Spider9 and its partners have also designed the system so that individual cylindrical cells, organized in 24-cell blocks, can be removed and replaced without shutting down the entire system to do so, instead shutting down just the block in question. That can allow grid-scale battery arrays to keep running and making money on a 24-7 basis, with much-reduced operations and maintenance costs, he said.

“When you look at the total cost of ownership and the service cost, we’re going to be 50 percent lower than the competition,” he said. Those costs, while not often included in the upfront costs of energy storage systems on a kilowatt or kilowatt-hour basis, can quickly add up over the long run, he said.

Simply adding in the on-site maintenance to keep that system running can add $30,000 to $50,000 a year, he said -- costs that Spider9’s automated monitoring and management system can bring down to a few thousands of dollars per year. Then you’ve got to calculate the lost opportunity costs associated with bringing the entire system offline to do maintenance or replacement, versus Spider9’s approach: “Our batteries never go down,” he said.

Add in the active battery management features that Spider9 is claiming, and the fact that the company's product is “20 percent more efficient on a battery discharge cycle, through a combination of active balancing and reconfiguration of the voltage strings, to keep high efficiency going across an inverter” that transforms the battery’s DC power to grid-ready AC power, he said.

While the industry hasn’t yet come up with the terminology to describe these lifetime costs, Townsend suggested that a dollar-per-watt of usable energy, over total lifespan, might be one way to calculate it. “That’s the true metric, where the industry should be,” he said.
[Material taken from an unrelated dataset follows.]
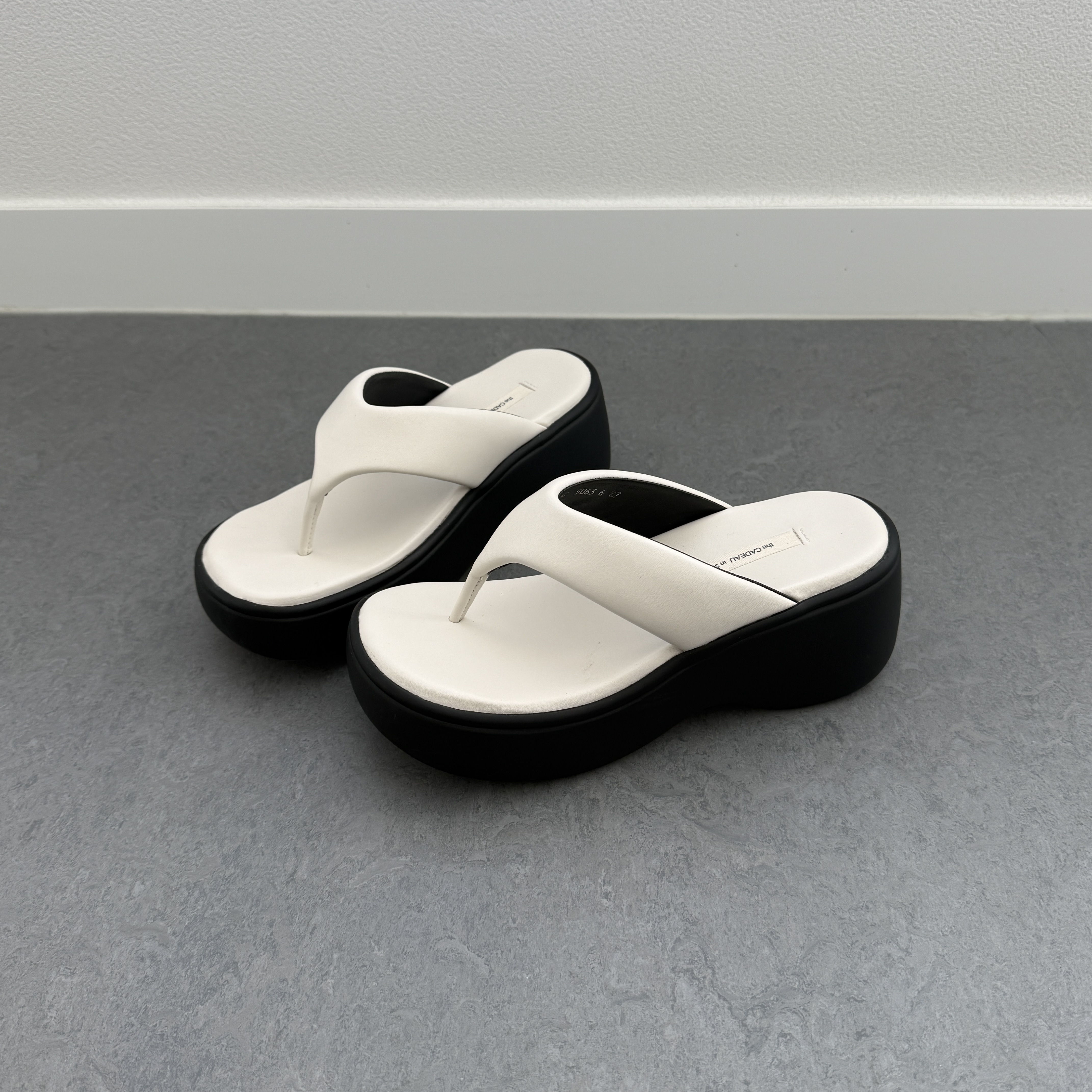 라운드 엠보 통굽 쪼리 샌들 (6cm/4color)

The Competitive Landscape for Grid-Scale Batteries

Judging the long-term costs of competing grid battery architectures is a tricky task right now, of course, given that most of them have just been installed in the past few years. It will likely take years for the various pilot projects and commercial-scale deployments out there to prove just how well they stand up over time.

In the meantime, there are many different ways to optimize the battery-grid interconnection, from the smallest to the largest scales. On the battery systems side of the equation, many manufacturers have built their own battery management software (BMS) systems to manage thermal and electrochemical variables within the batteries themselves, and startups such as Sendyne and Qnovo are working on technical solutions to these challenges as well.
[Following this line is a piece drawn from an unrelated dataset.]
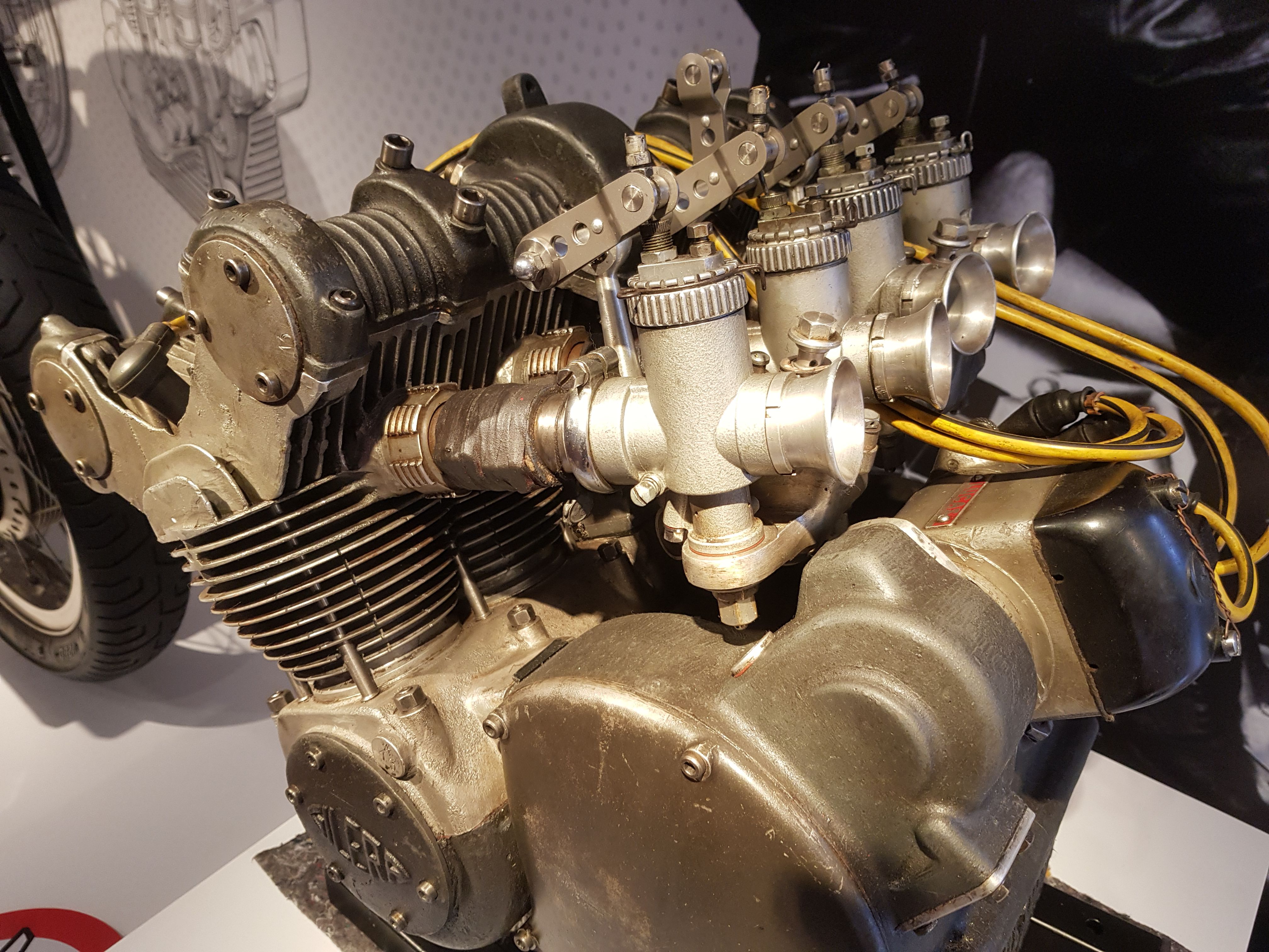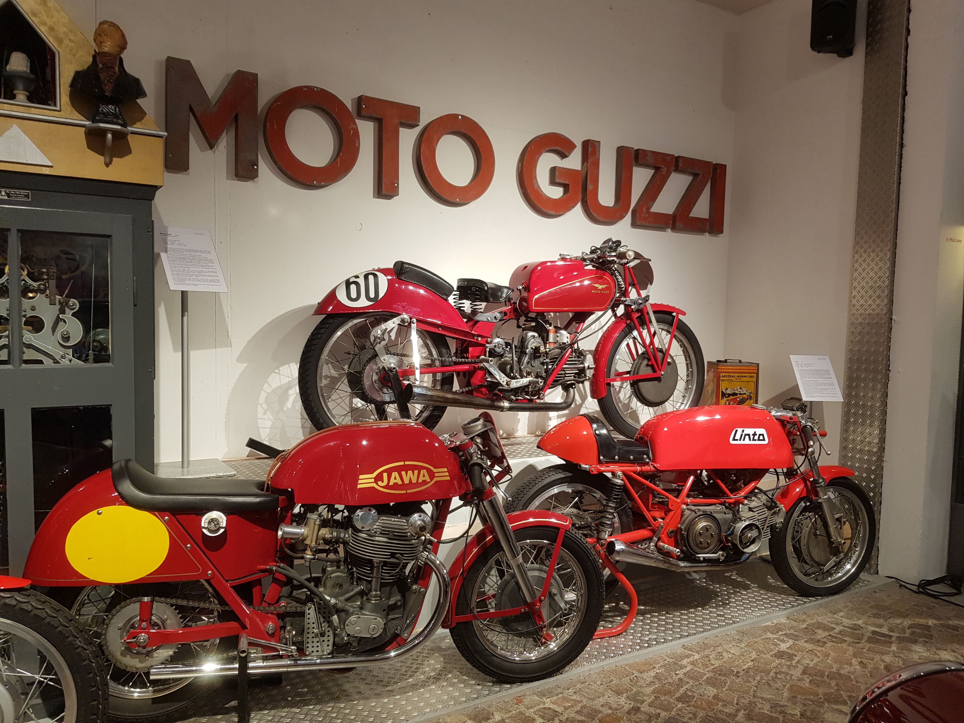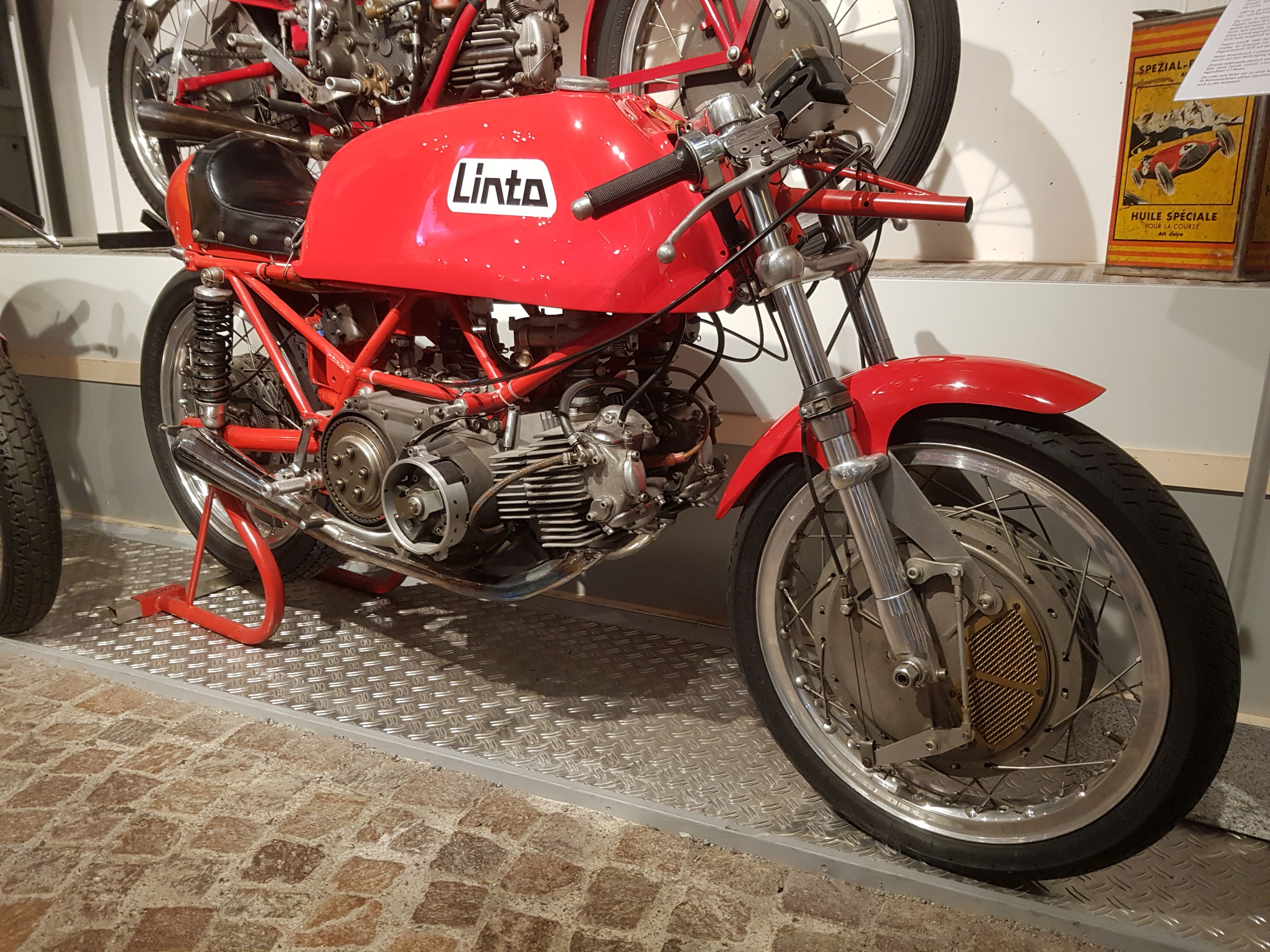Gleich zu Anfang zieht mich eine 500er Linto in ihren Bann. Konstruiert wurde sie von Lino Tonti, und nur in sehr geringen Stückzahlen gebaut. Es ist das erste Original das ich hier sehe, bislang kannte ich sie nur von Fotos. Tonti hat hier 1968 auf Basis zweier 250ccm-Aermacchi-Ala-d’Oro-Motoren einen waschechten Grand-Prix-Renner auf die Räder gestellt.

Scaling those individual batteries up to grid scale adds a set of challenges that software can help manage. Battery makers like A123, General Electric, Johnson Controls, Saft, LG, Panasonic, NGK, Samsung, BYD, Xtreme Power and others are adding more sophisticated interfaces and controls aimed at meeting grid needs, either via internal development or by partnering with others.

Since it launched in 2011, Spider9 has raised less than $10 million from undisclosed investors, and has been working with unnamed lithium-ion battery makers to manage and optimize battery systems. Those tests, conducted at Element Testing Materials (formerly Detroit Testing Laboratory), have been applied to arrays ranging from 5 kilowatt-hour configurations up to 75 kilowatt-hour configurations, the latter being the basic building block going into the megawatt-scale system the company is building with EasyPower.

Spider9 wants to build up commercial-scale product through its own brand, Townsend said. The firm is working with an unnamed U.S.-based lithium-ion battery partner to package its software into systems now available in smaller-scale configurations, and is seeking UL certification for its latest configuration.